22 thoughts on “How fast can you allocate a large block of memory in C++?”

  1. Jeffrey W. Baker says:

    What about an actual huge page allocated with mmap instead of operator new? And what’s the allocator under test in your table?

    1. And what’s the allocator under test in your table?

      I am using GNU GCC 8.3 under Ubuntu 16.04.6.

  2. Wayne Scott says:

    In theory, a malloc library could cheat for calloc() and allocate the same read-only zero 4k page for every page in the region. And then still defer allocation for the first real write.

    1. Gil says:
      1. I am have a mac, and if it did what I think Wayne means, it could achieve seemingly impossible speeds on my benchmark… yet it is no faster than my Linux box.

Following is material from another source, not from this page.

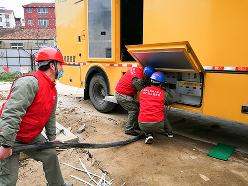 當天(tian),他們就接到(dao)為孝(xiao)感市第一人民醫(yi)院老院區和新院區、孝(xiao)感市中心醫(yi)院等3家(jia)醫(yi)院保電(dian)的(de)任務(wu)。隊員們片(pian)刻(ke)不(bu)停歇,迅速(su)(su)行動,駕(jia)駛(shi)3輛應急發(fa)電(dian)車(che)分別(bie)趕往任務(wu)地點,立(li)即向醫(yi)院了解設備(bei)和負(fu)荷情況,制訂最快(kuai)速(su)(su)、最周密的(de)接入方案,并開始(shi)施放電(dian)纜……很快(kuai),急發(fa)電(dian)車(che)就接入醫(yi)院的(de)供電(dian)系統并開始(shi)運轉,為醫(yi)療救治工作源(yuan)源(yuan)不(bu)斷提(ti)供電(dian)力(li)支(zhi)撐。
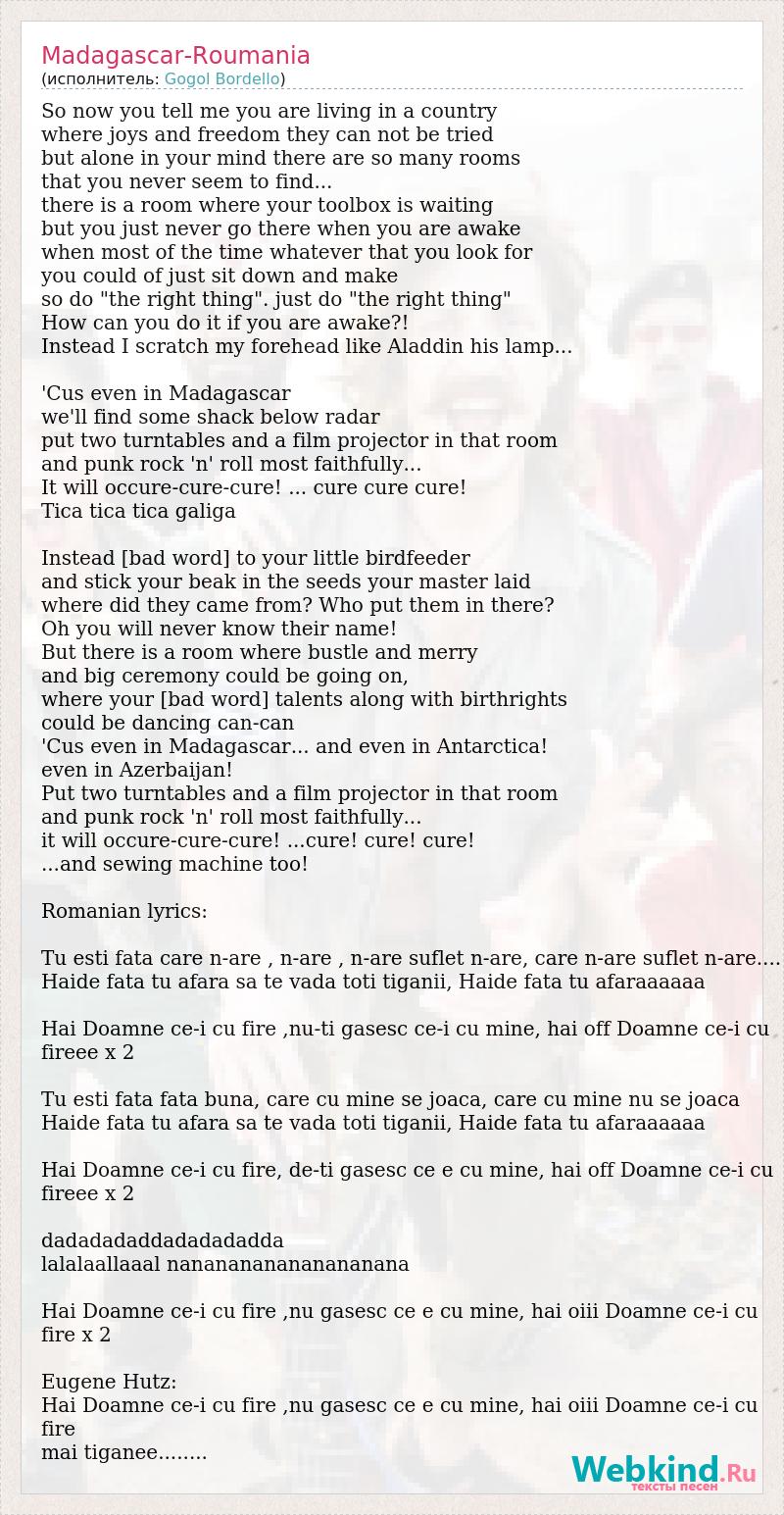 So now you tell me you are living in a country where joys and freedom they can not be tried but alone in your mind there are so many rooms that you never seem to find... there is a room where your toolbox is waiting but you just never go there when you are awake when most of the time whatever that you look for you could of just sit down and make so do "the right thing". just do "the right thing" How can you do it if you are awake?! Instead I scratch my forehead like Aladdin his lamp... 'Cus even in Madagascar we'll find some shack below radar put two turntables and a film projector in that room and punk rock 'n' roll most faithfully... It will occure-cure-cure! ... cure cure cure! Tica tica tica galiga Instead [bad word] to your little birdfeeder and stick your beak in the seeds your master laid where did they came from? Who put them in there? Oh you will never know their name! But there is a room where bustle and merry and big ceremony could be going on, where your [bad word] talents along with birthrights could be dancing can-can 'Cus even in Madagascar... and even in Antarctica! even in Azerbaijan! Put two turntables and a film projector in that room and punk rock 'n' roll most faithfully... it will occure-cure-cure! ...cure! cure! cure! ...and sewing machine too! Romanian lyrics: Tu esti fata care n-are , n-are , n-are suflet n-are, care n-are suflet n-are.... Haide fata tu afara sa te vada toti tiganii, Haide fata tu afaraaaaaa Hai Doamne ce-i cu fire ,nu-ti gasesc ce-i cu mine, hai off Doamne ce-i cu fireee x 2 Tu esti fata fata buna, care cu mine se joaca, care cu mine nu se joaca Haide fata tu afara sa te vada toti tiganii, Haide fata tu afaraaaaaa Hai Doamne ce-i cu fire, de-ti gasesc ce e cu mine, hai off Doamne ce-i cu fireee x 2 dadadadaddadadadadda lalalaallaaal nananananananananana Hai Doamne ce-i cu fire ,nu gasesc ce e cu mine, hai oiii Doamne ce-i cu fire x 2 Eugene Hutz: Hai Doamne ce-i cu fire ,nu gasesc ce e cu mine, hai oiii Doamne ce-i cu fire mai tiganee........

        1. Wayne Scott says:

          That is why I said calloc() instead of a C++ constructor for a char. I am not surprised that libstd++ doesn’t specialize initialization to call calloc() in this case.

    2. Yes, it could. My benchmark should be viewed as a lower bound. It is yet possible that the system is cheating in all sorts of fun ways.

  3. Franek Korta says:

    Possibly it can be faster if allocation is done normal way, without initialisation, but later you just “touch” each page (4K or 2M). Touching can also be parallelised which improves performance (tested that some time ago)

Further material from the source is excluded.